1. 事前 「マイナ保険証(健康保険証利用登録を行ったマイナンバーカード) 」→医療機関でマイナ保険証を提出し、「限度額情報の表示」に同意する→支払う時点で既に限度額までとなる

2. 事前 「限度額適応認定証」 →事前に健康保険組合に申請し、ゲットした限度額適応認定証を医療機関に提出する→支払う時点で既に限度額までとなる

3. 事後「健康保険高額療養費支給申請書」&領収書を加入している健康保険へ申請→後日還付(3ヶ月後くらい) ※退院時には一旦支払う必要あり。申請期限あり

です。
妊婦界隈では、「緊急の入院に備えて『限度額適応認定証』をゲットしておこう」みたいなSNSをよく見て知ってはいました。
また、医療者として、高額療養費制度について患者さんに説明することはありましたが、具体的な申請方法は知りませんでした。

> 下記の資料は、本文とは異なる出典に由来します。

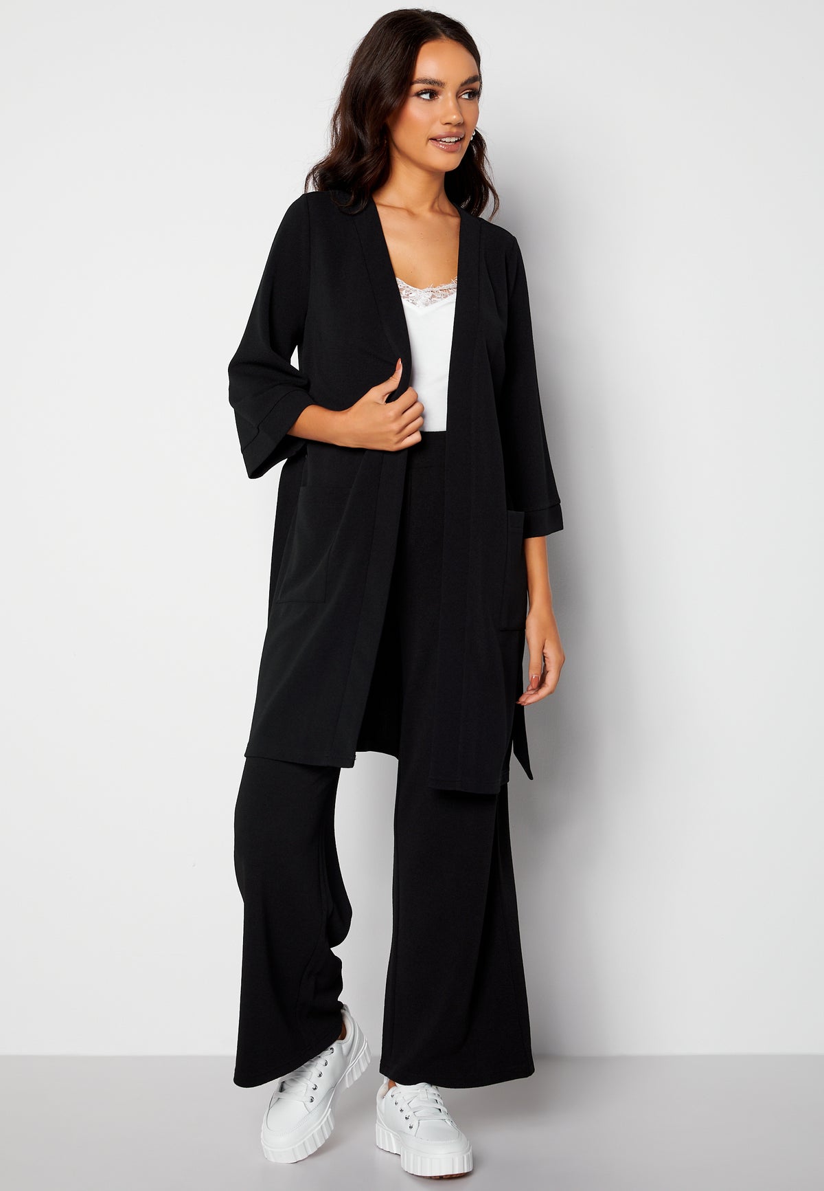 • Stylish wide leg pants from HAPPY HOLLY. The pants have an elasticated waist and are made from a stretchy jersey fabric. Can be worn as a set together with the associated kimono, art. no. 702734.

そして、今回驚いたのは、自分が退院した時の明細書で既に「限度額が適応されていた」ことです!
私は事前に「限度額適応認定証」は持っていなかったので、入院中、「退院したら、健康保険組合に申請書と領収書を出して還付を受けなきゃなぁ」なんて思っていました。しかし、実際領収書を見てみたら適応されていたので、覚えはないんですが、「マイナ保険証」を提出していたようです。便利でした。

●「保険適応外」のはずの食事代、でも「保険内」の部分もある?!

最後はマイナーですが、初めて知った食事代についてです。

食事代は「保険適応外」なので、10割負担とお伝えしましたし、高額療養費の適応にはなりません。
ですが、正確には、
食事代=標準負担額(自費)+ 入院食事療養費(保険給付)
なのです。

なので、10割負担かと思いきや、一部健康保険から約3割分、補助が出ています。

具体的には1食あたり全国一律
食事代¥640=標準負担額¥460(自費)+入院食事療養費¥180(保険給付)
※所得区分 一般の例です

ですので、自費で、高額療養費とは別の食事代としては、¥460/食、10日間30食食べたとすると、¥13800かかります。

ちなみに、食費は2024年6月に1997年ぶりの改訂で¥30円値上げされ、
食事代¥670=標準負担額¥490(自費)+入院食事療養費¥180(保険給付)

となります。
保険から給付される分があるということに大変驚きました!
とはいえ、長期入院となる場合、高額療養費の適応外なので、ちりつもで、地味に痛い出費ですよね。

余談ですが、自分が入院した病院では、産科食費として、おやつ代なのか、さらに自費で¥380/日かかりました。なので、¥1760/日の支払いですね。



今回、入院してみて初めて、不思議に思ったことがたくさんあり、いろいろ調べました。
医療制度は、複雑かつ謎ルールが多いですね。つぎはぎだらけで整備できなくなっているように感じました。

医療費がどんどん増えていく中、医療制度自体が効率的に、シンプルになる日がくるといいなぁと思います。